- Born: March 7, 1875 Jacksonville, Illinois
- Died: July 1, 1952 (aged 77) Branford, Connecticut
- Known for: Indo-Hittite hypothesis; Founding member of the Linguistic Society of America; Sturtevant's paradox; Sturtevant's law;
- Children: Julian M. Sturtevant

Academic background
- Education: Indiana University University of Chicago

Academic work
- Discipline: Linguistics
- Sub-discipline: Hittite language
- Institutions: Columbia University Yale University

= Edgar Howard Sturtevant =

American linguist (1875–1952)

Edgar Howard Sturtevant (March 7, 1875 – July 1, 1952) was an American linguist.

==Biography==
Sturtevant was born in Jacksonville, Illinois, the older brother of Alfred Sturtevant and grandson of educator Julian Monson Sturtevant. He studied at Illinois College, where his grandfather was president, and obtained an A.B. from Indiana University Bloomington, then the University of Chicago receiving there in 1901 a Ph.D. with a dissertation on Latin case forms. He became an assistant professor of classical philology at Columbia University before joining the linguistics faculty at Yale University in 1923. In 1924, he was a member of the organizing committee for the founding, with Leonard Bloomfield and George M. Bolling, of the Linguistic Society of America (LSA).

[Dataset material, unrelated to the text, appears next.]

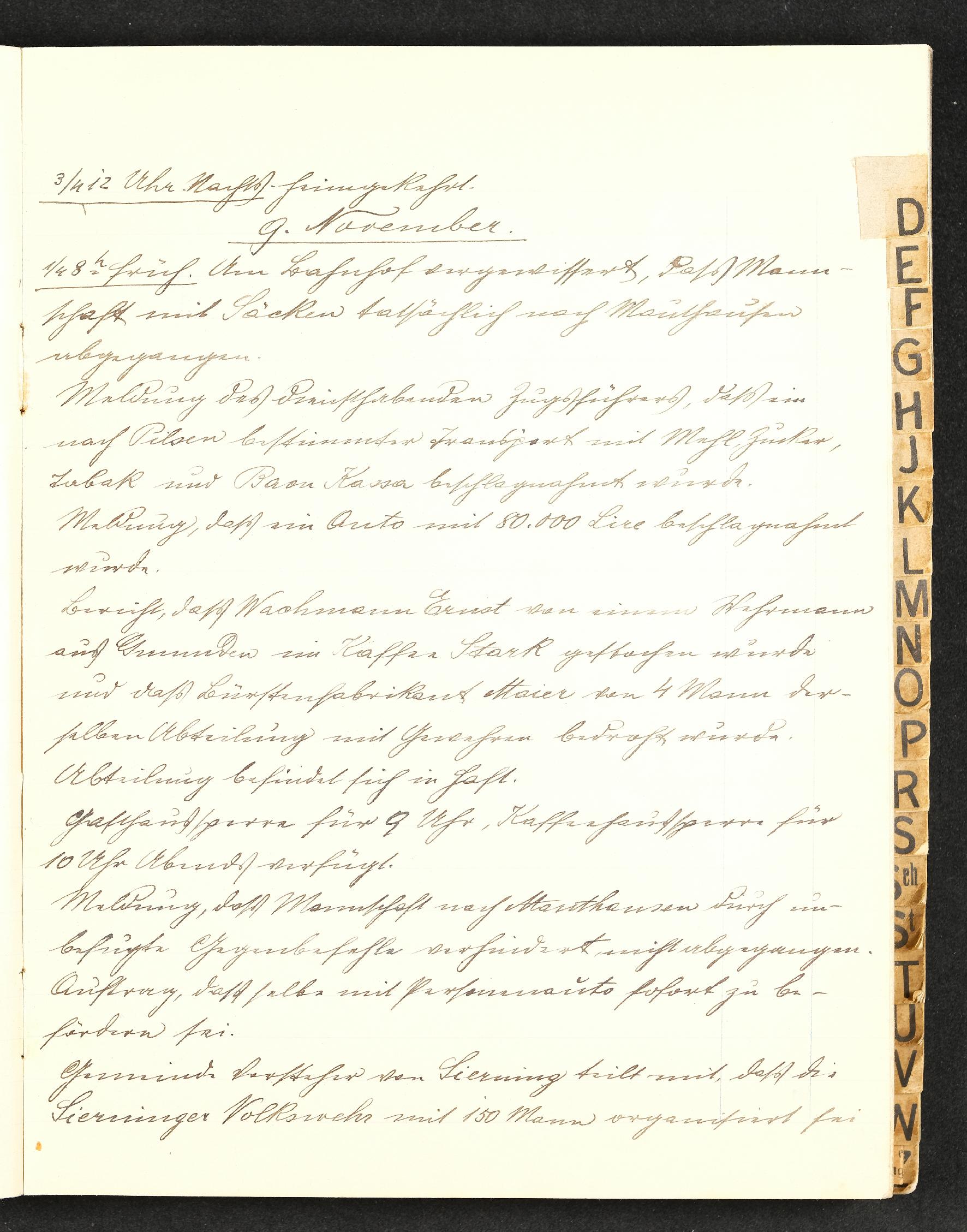 | Beschreibung | Buchstabenabschnitt D, Eintrag vom 9. November 1918 |
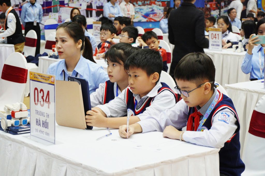Cô Nguyễn Thị Hương Trà – giáo viên Tiếng Anh, Trường Tiểu học Kim Đường (xã Ứng Hoà, thành phố Hà Nội) cũng bày tỏ rằng dù đây là lần đầu các em tham gia sân chơi lớn, phần trả lời câu hỏi bằng tiếng Anh vẫn còn đôi chút bỡ ngỡ. Tuy vậy, khi bước sang phần thi sa bàn, các em thể hiện sự tự tin vượt ngoài kỳ vọng, phối hợp nhịp nhàng và điều khiển robot rất linh hoạt.

Besides research on Native American languages and field work on the Modern American English dialects, he is the father of the Indo-Hittite hypothesis, first formulated in 1926, based on his seminal work establishing the Indo-European character of Hittite (and the related Anatolian languages), with Hittite exhibiting more archaic traits than the normally reconstructed forms for Proto-Indo-European.

He authored the first scientifically acceptable Hittite grammar with a chrestomathy and a glossary, formulated the so-called Sturtevant's law (the doubling of consonants representing Proto-Indo-European voiceless stops) and laid the foundations to what later became the Goetze–Wittmann law (the spirantization of palatal stops before u as the focal origin of the centum–satem isogloss). The 1951 revised edition of his grammar (co-authored with E. Adelaide Hahn) is still useful today, although it was superseded in 2008 by Harry A. Hoffner and Craig Melchert's Grammar of the Hittite Language, for which a second edition was published in 2024.

Sturtevant was elected to the American Philosophical Society in 1939 and the American Academy of Arts and Sciences in 1940.

Sturtevant died in Branford, Connecticut. His son, Julian M. Sturtevant, was a chemist and molecular biophysicist at Yale University.

==Selected works==
- Sturtevant, E. H. (1917). "Linguistic Change: An introduction to the historical study of language"
- Sturtevant, E. H. (1920, 1940). The Pronunciation of Greek and Latin: The Sounds and Accents. First edition Illinois: The University of Chicago Press, September 1920. Second edition Philadelphia: Linguistic Society of America, University of Pennsylvania, 1940.
- Sturtevant, E. H. (1926). "On the Position of Hittite among the Indo-European Languages"
- Sturtevant, Edgar Howard (1931). "Hittite Glossary: Words of Known or Conjectured Meaning, with Sumerian Ideograms and Accadian Words Common in Hittite Texts"
- Sturtevant, Edgar H. (1932). "The Development of the Stops in Hittite"
- Sturtevant, Edgar H. A. (1933, 1951). A Comparative Grammar of the Hittite Language]. New Haven: Yale University Press. First edition: 1933. Revised edition co-authored with E. Adelaide Hahn: 1951.
- Sturtevant, Edgar H. (1935). "A Hittite Chrestomathy"
- Sturtevant, E. H. (1940). "Evidence for Voicing in Indo-Hittite γ"
- Sturtevant, Edgar H. (1942). "The Indo-Hittite Laryngeals" doi:10.2307/j.ctt1x76d2x.